Surfactant System As a further essential feature, the present invention includes a water-soluble surfactant in the surfactant system.
Water-soluble as defined herein is a surfactant having a molecular weight of less than about 20,000, which forms a transparent isotropic solution when dissolved in water at 0.2% w / w under environmental conditions. Surfactant. Surfactants suitable for inclusion in the compositions according to the present invention typically have a lipophilic chain length of from about 6 to about 22 carbon atoms, anionic, nonionic, zwitterionic, and amphoteric surfactants Agents as well as mixtures thereof. The total level of surfactant is preferably about 2% to about 40% by weight, more preferably about 3% to about 20%, especially about 5% to about 15%. The composition preferably comprises a mixture of anionic and zwitterionic and / or amphoteric surfactants.
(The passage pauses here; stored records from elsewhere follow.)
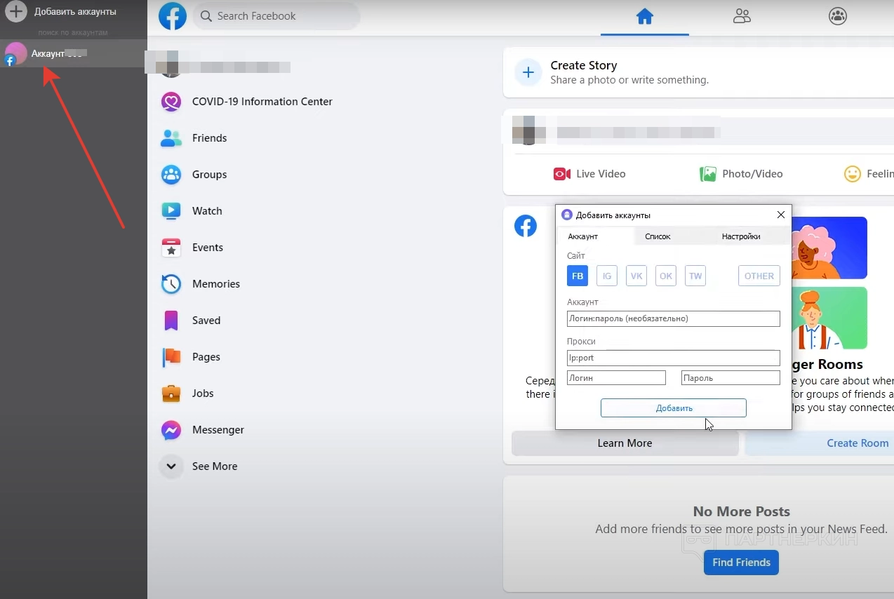 Далее программа сразу откроется аккаунт от выбранной социальной сети в своем интерфейсе. Стоит обратить внимание на левую часть экрана, в которой под кнопкой «Добавить аккаунты» появится новый аккаунт.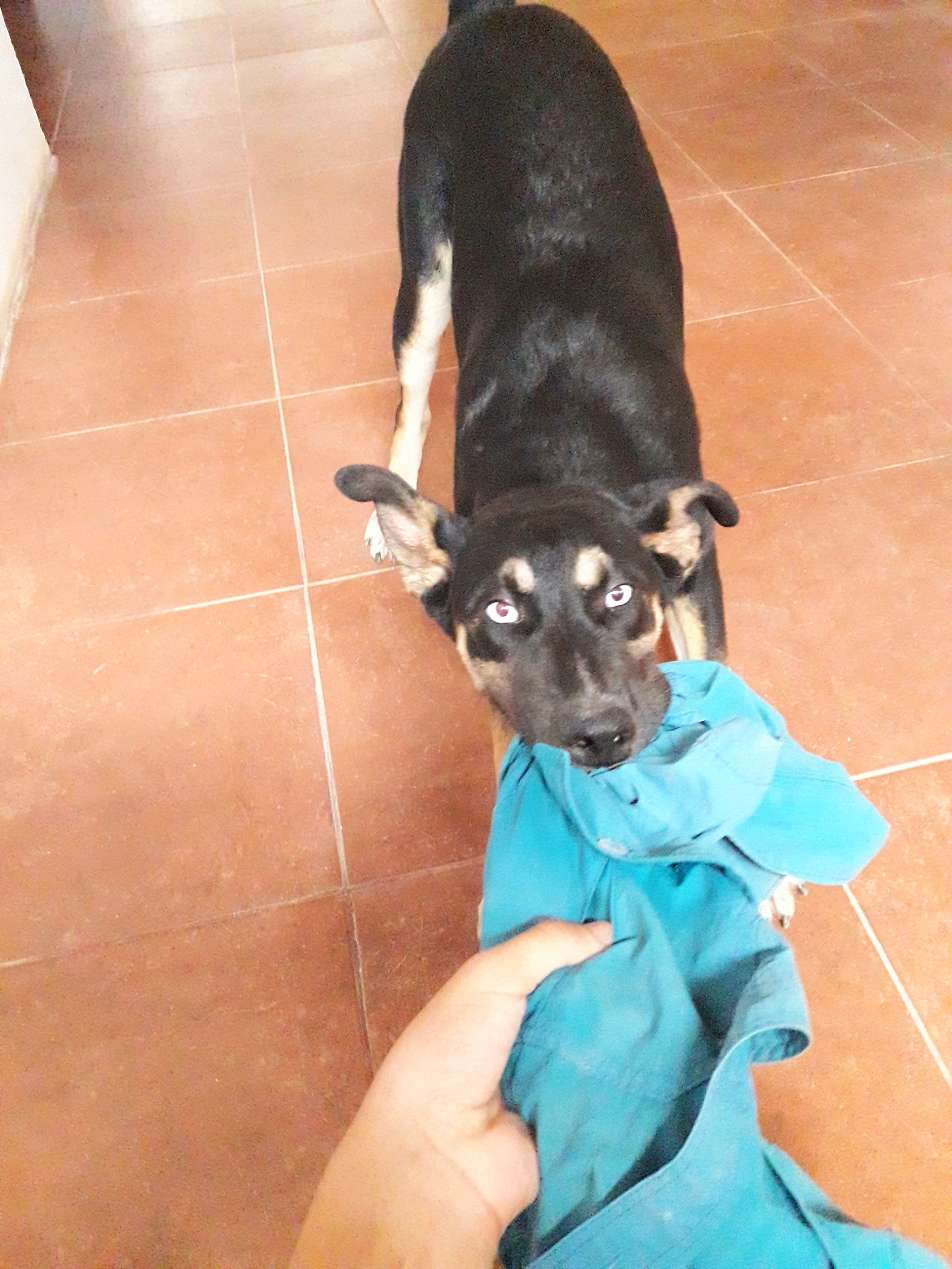Le encanta hacer desastre cuando mí mamá y yo dejamos qué pasé a la casa es muy traviesa, le gusta mucho jugar con camisas viejas y palitos yo sé los lanzo, ella los busca y me lo entrega de nuevo para qué lo vuelva a lanzar y así sucesivamente, es muy atenta con los sonidos apenas escucha algo sube sus orejitas sé ve muy linda cuando hace eso.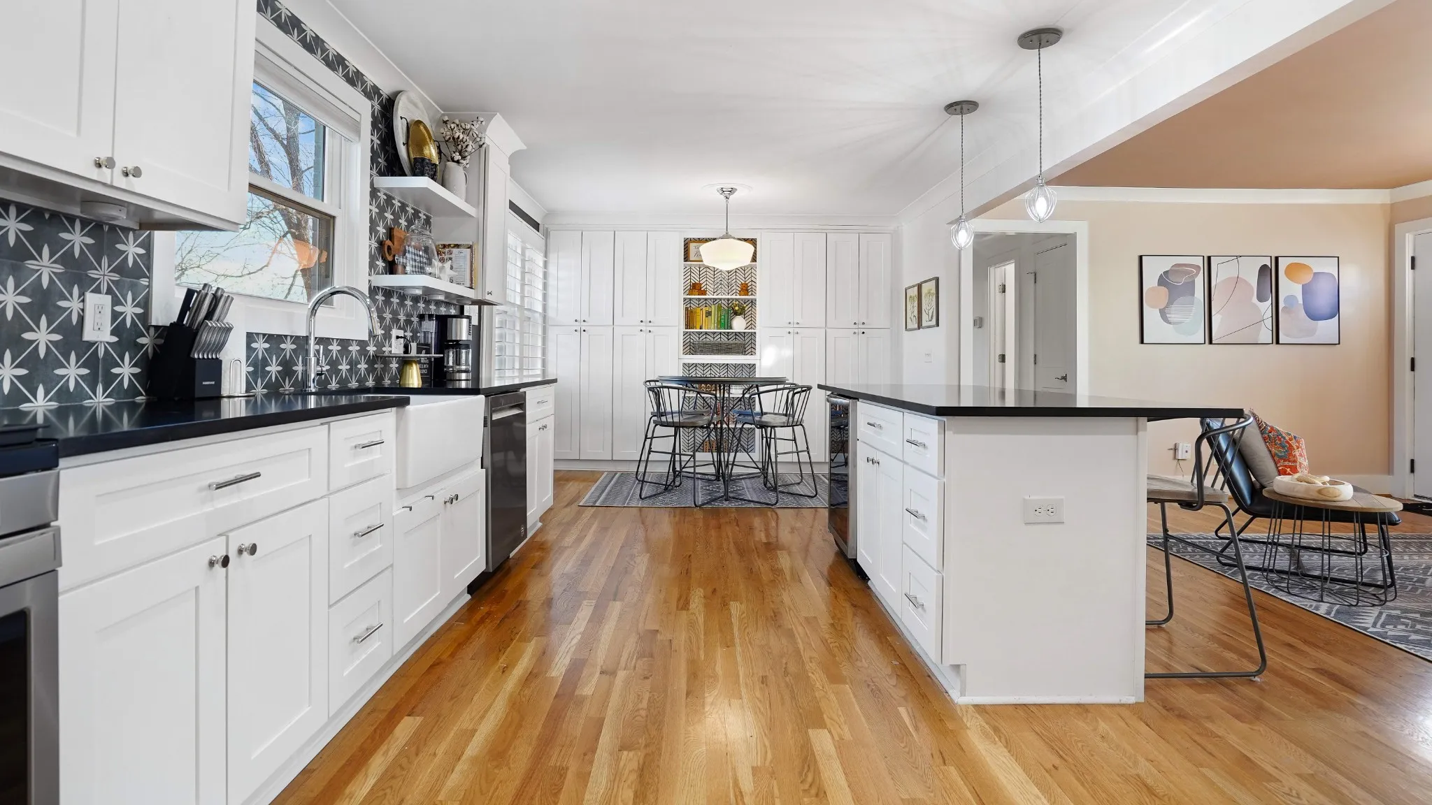 Step inside to find beautiful wood floors throughout and a spacious, updated kitchen featuring brand-new cabinetry, a farmhouse sink, and a large island with seating for three—perfect for casual dining or entertaining. Just off the kitchen, a cozy den provides versatile space ideal for a home office, playroom, or additional living area.
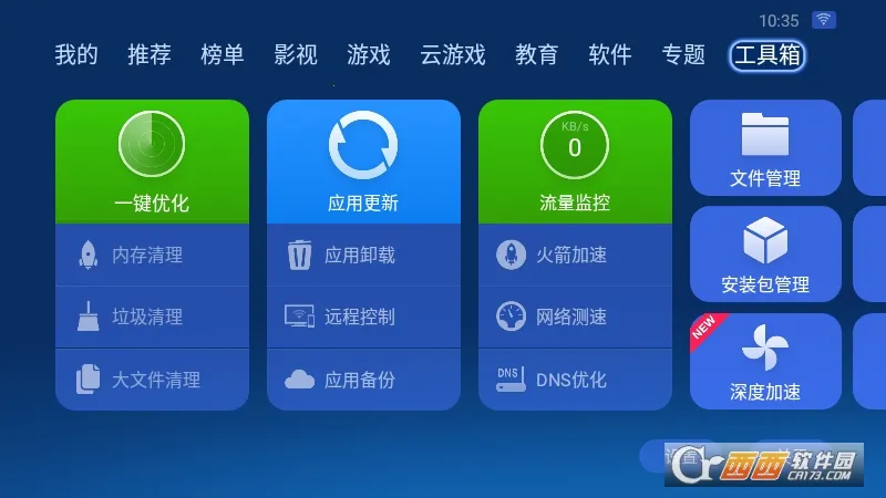 特色也很多,能清理电视系统内存垃圾,让电视更流畅。不断更新应用,不错过任何新软件。还有便利的软件管理功能,能更新、卸载软件。目录浏览分类多,内容丰富。

The weight ratio of anionic surfactant: amphoteric and / or amphoteric surfactant is from about 1:10 to about 10:
1, preferably from about 1: 5 to about 5: 1, more preferably from about 1: 3 to about 3: 1. Other suitable compositions within the scope of the invention include mixtures of anionic, amphoteric and / or amphoteric surfactants with one or more nonionic surfactants.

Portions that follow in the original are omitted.